Lab: M7: build Q&A over your own document

You'll need: your M4 setup (venv, key in .env, anthropic + python-dotenv), plus a new install: Chroma. A plain-text document you care about helps for Part B. Time: ~60 min • Work in your breakout pair.

Heads up: one new install today (Chroma). If pip install chromadb throws a build error, your Python is too new, switch to Python 3.12 (see the vector-store guide). The first run downloads a small model once. Errors are normal and safe.

This lab has two parts: - Part A: install Chroma, index the sample document, and see it answer from the document. - Part B: understand the three RAG steps, then point it at your document.

flowchart LR
  Q["your question"] --> R["1 · RETRIEVE<br/>vector store finds<br/>the most relevant chunks"]
  Doc["your document<br/>(chunked)"] --> R
  R --> A["2 · AUGMENT<br/>paste chunks into the prompt"]
  A --> G["3 · GENERATE<br/>Claude answers from them"]
  G --> Ans["grounded answer"]

Part A: get RAG running

Step 1: Install Chroma and check it

With your venv active:

pip install chromadb
python -c "import chromadb; print('Chroma', chromadb.__version__)"

You should now see: Chroma 1.x.x. (Build error mentioning pandas/numpy? Your Python is too new, use Python 3.12, then retry. Full steps in the guide.)

Step 2: Set up the folder

Put rag.py and sample_notes.txt (from solution/) and rag_starter.py (from starters/) in a folder with your M4 .env. Activate your venv.

You should now see: (.venv) and those files in the folder (ls / dir).

Step 3: Run it and ask a question

python rag.py

(The first run downloads Chroma's small embedding model, one time, needs internet.) When it says "Ask questions", type: What time does the café open?

You should now see: Split the document into 8 chunks., a [retrieved 3 relevant chunks] line, then an answer like "It opens at 7:00 AM on weekdays and 8:00 AM on weekends, and closes at 6:00 PM.", pulled straight from the document. You just did RAG.

Step 4: Prove it's grounded (not guessing)

Ask something the document doesn't cover: Who is the café's CEO?

You should now see: roughly "I don't know based on the document." The app answers only from your document and admits when the answer isn't there, that honesty is the point of RAG.

Part B: understand it, then use your own document

Step 5: Read the three steps

Open rag.py. Match each function to a RAG step: - retrieve() → 1. Retrieve (Chroma finds the closest chunks), - the Context: prompt in answer() → 2. Augment (chunks go into the prompt), - client.messages.create(...) → 3. Generate (Claude answers).

You should now see / say: "RAG = retrieve the right chunks, augment the prompt with them, generate an answer from them." Three steps, that's the whole idea.

Step 6: See meaning-based search (not keywords)

Run rag.py again and ask: Can I get my money back on a coffee?

You should now see: it finds the Refunds section and answers (same-day refund, no questions asked), even though your question never said the word "refund". The vector store matched on meaning ("money back" ≈ "refund"). That's what embeddings buy you over keyword search.
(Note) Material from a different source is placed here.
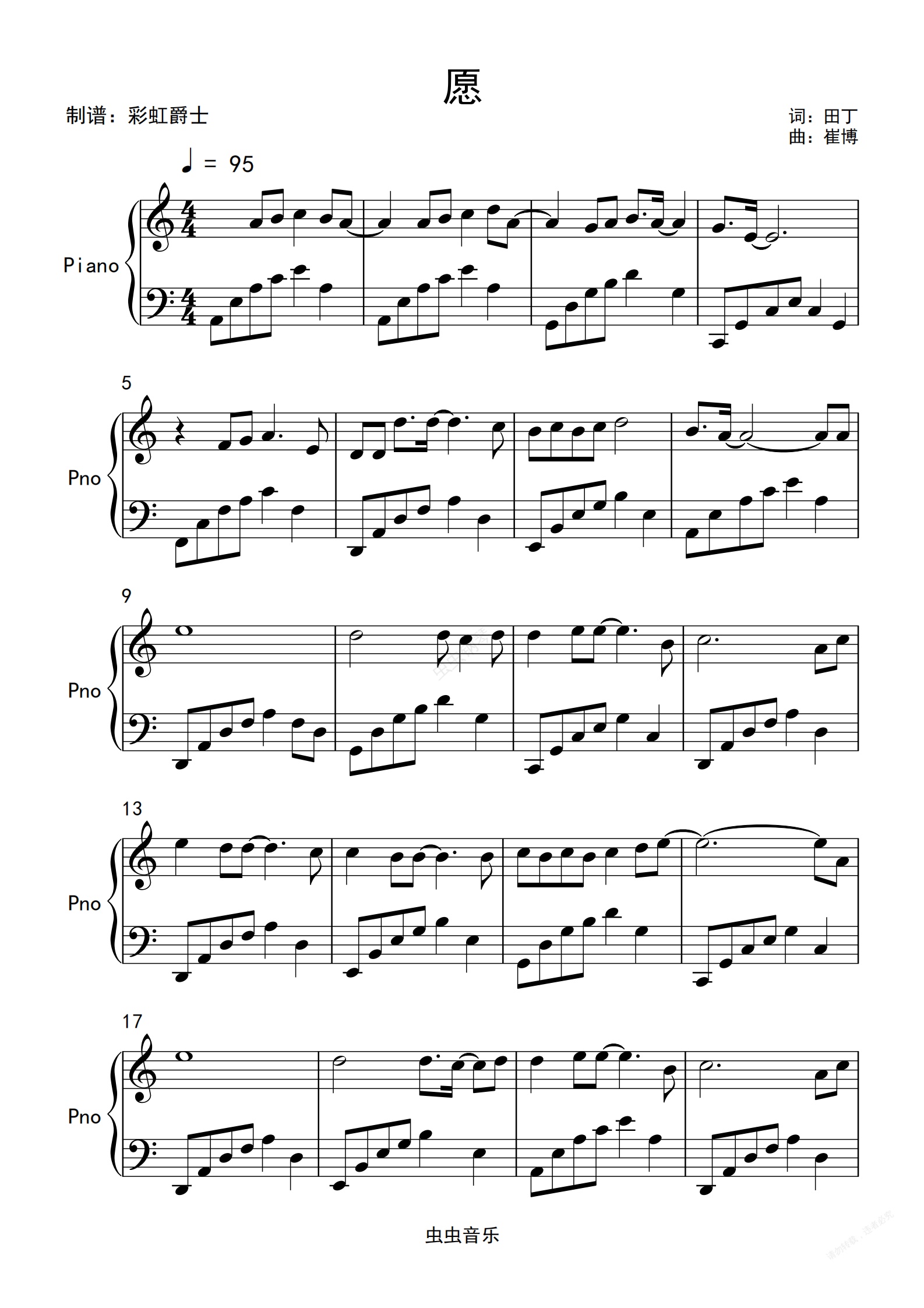 钢琴谱:愿-C调简单版-锦衣之下主题曲

Step 7: Point it at YOUR document

Save a document you care about as a .txt file (export notes, a manual, a policy) into the folder. Open rag_starter.py, set DOC_FILE to your filename (TODO 1), then run:

python rag_starter.py

Ask it real questions you'd actually want answered.

You should now see: your own document answering your own questions. If an answer is off, look at what got retrieved, fixing that is exactly what M8 is about.

Stuck? The finished app is ../solution/rag.py. Peek only after you've tried.

Your win

You built a Q&A app over a document you chose, it retrieves the relevant parts, answers only from them, and admits when it doesn't know.

Post it to the chat wins board: a real question + answer from your doc, e.g. "Asked my lease 'how much notice to move out?' → 'Two months, per section 4.', my AI reads my documents now "

Take-home (optional)

Try changing NUM_CHUNKS in rag_starter.py from 3 to 1, then to 5, and re-ask a question that needs info from two different sections. Notice how how much you retrieve changes the answer, the first taste of M8, where we make retrieval actually good.